How much control do you have over your healthcare purchases? The story usually goes something like this: your doctor writes an order for a procedure, you take the order to the next provider who takes your insurance card and sends you off to get your procedure done. Sometime after you’ve had your procedure, you get an explanation of benefits telling you what your insurance paid. This is usually the first time you’ll see a price. If you’re lucky, your insurance will have covered the total. If not, expect more bills to come.
Sound familiar? Healthcare is the only industry where it’s commonplace for the consumer to hand over so much control over what they spend to third parties. Fortunately, since everyone is a patient at some point, the law is on our side. It protects two of the most important rights involved in our medical care: privacy and choice.
Your Right to Protect Your Privacy
You’ve probably heard of HIPAA, even if it’s just in a title of one of the many forms you have to sign at your doctor’s office. HIPAA stands for the Health Insurance Portability and Accountability Act of 1996, and one of its most important features is the protection of your health information. You have the right to access your health information and to know who else has seen it.
HIPAA got a major update in 2009 with the American Recovery and Reinvestment Act, which expanded the power of patients to limit who can see their protected health information (PHI). You can request restrictions on what entities can see your PHI, especially if that entity is not related to your care. If you’re insured, this provision means that if your health insurer isn’t paying for your care, you can ask that information about your service not be released to them. It also means that you have the freedom to choose whether you want your insurance to pay for your procedure or not.
Your Right to Pick How You Pay
It’s easy to assume that if you have insurance, you have to use it. But there may be cases where it’s more affordable to pay out of pocket for your service – like through MDsave.com or your facility’s self-pay prices. In these cases, as long as you are paying in full and out of pocket for your procedure, you can request that health information regarding that service is not sent to your insurer.
If you have insurance but you don’t want your PHI sent to them, be sure to tell your provider upfront, before receiving your service, that you would like to restrict sharing of information about this procedure. Let them know that you will fully pay for the procedure yourself.
The right to restrict the sharing of your PHI with your insurance company for services paid in full and out of pocket is detailed in 45 C.F.R. sec. 164.522(a)(1)(vi) of the Electronic Code of Federal Regulations . (You can read it at the end of this blog, or in full here).

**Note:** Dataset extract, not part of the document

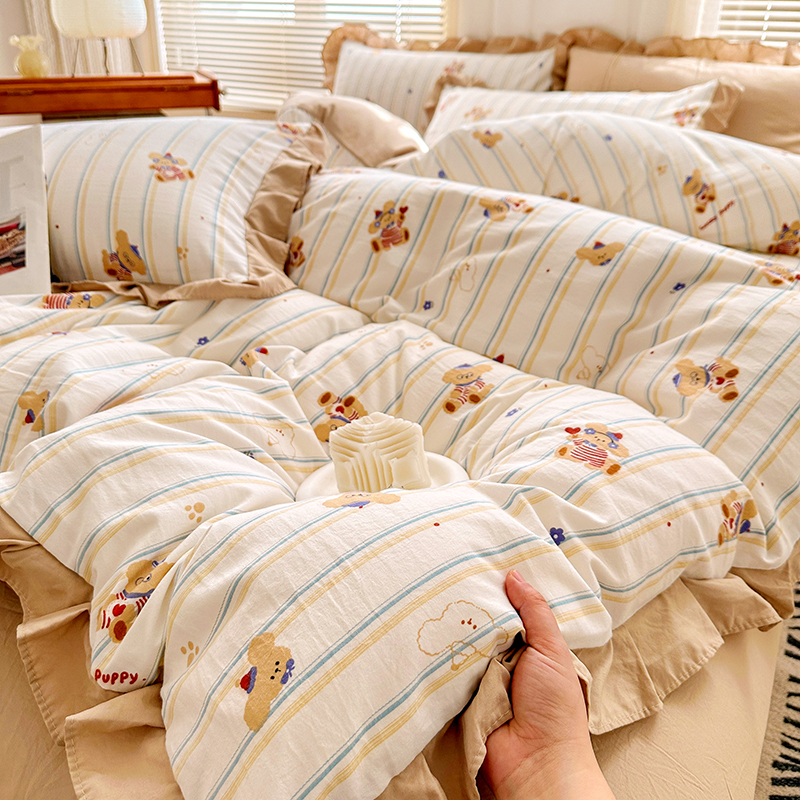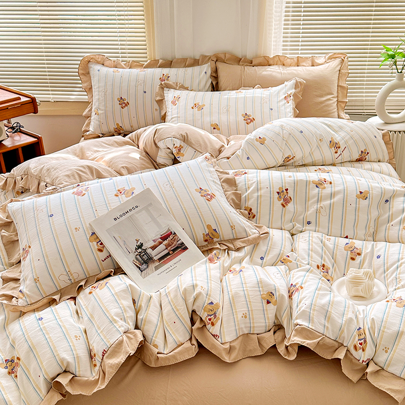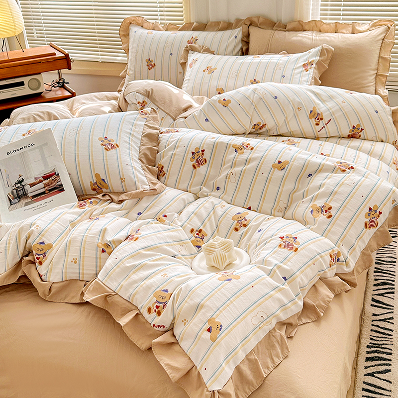 佳一家纺 2025新款亲肤水洗棉四件套系列 快乐熊

Your Right to Take Back Control
As a patient, you have the right to choose how you want to pay for your care. Sometimes your insurance will have the best price, but not always:
“I was able to get my daughter’s entire surgery for what I would have paid in my co-pay alone.” – Kristi from Energy, IL
“We turned to our major insurance for support. I remember looking at our deductible and saying, ‘Gosh, our deductible is pretty high. Are there any other options available to us where we can pay out-of-pocket for this particular procedure and save money?'” – Jim from Granbury, TX
Sometimes, paying out of pocket can save you money. You, as an informed healthcare consumer, have the right to leave your insurance company out of the transaction. Take charge of how you get your healthcare.
(a)(1) Standard: Right of an individual to request restriction of uses and disclosures. (i) A covered entity must permit an individual to request that the covered entity restrict:
(A) Uses or disclosures of protected health information about the individual to carry out treatment, payment, or health care operations; and
(B) Disclosures permitted under §164.510(b).

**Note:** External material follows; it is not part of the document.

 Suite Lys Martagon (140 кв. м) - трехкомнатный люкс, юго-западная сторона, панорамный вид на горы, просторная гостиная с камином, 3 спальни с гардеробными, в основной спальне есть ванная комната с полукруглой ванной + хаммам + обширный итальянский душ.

(ii) Except as provided in paragraph (a)(1)(vi) of this section, a covered entity is not required to agree to a restriction.

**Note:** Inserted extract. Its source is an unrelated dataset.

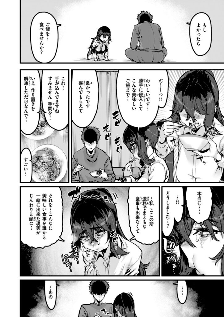 限界社畜の2人が傷もアソコも舐め合って乱れまくりベッドイン!?!?!?残業続きで意識も朦朧とする中帰宅する男・福田(ふくだ)。そして福田の家のドアに自分の家の鍵を突っ込もうとし続けている。コチラも残業続きで半ば意識が無く判断力も消え失せてしまった隣人の女・原沢(はらさわ)。「そこ…俺…

(iii) A covered entity that agrees to a restriction under paragraph (a)(1)(i) of this section may not use or disclose protected health information in violation of such restriction, except that, if the individual who requested the restriction is in need of emergency treatment and the restricted protected health information is needed to provide the emergency treatment, the covered entity may use the restricted protected health information, or may disclose such information to a health care provider, to provide such treatment to the individual.
(iv) If restricted protected health information is disclosed to a health care provider for emergency treatment under paragraph (a)(1)(iii) of this section, the covered entity must request that such health care provider not further use or disclose the information.
(v) A restriction agreed to by a covered entity under paragraph (a) of this section, is not effective under this subpart to prevent uses or disclosures permitted or required under §164.502(a)(2)(ii), §164.510(a) or §164.512.
(vi) A covered entity must agree to the request of an individual to restrict disclosure of protected health information about the individual to a health plan if:
(A) The disclosure is for the purpose of carrying out payment or health care operations and is not otherwise required by law; and
(B) The protected health information pertains solely to a health care item or service for which the individual, or person other than the health plan on behalf of the individual, has paid the covered entity in full.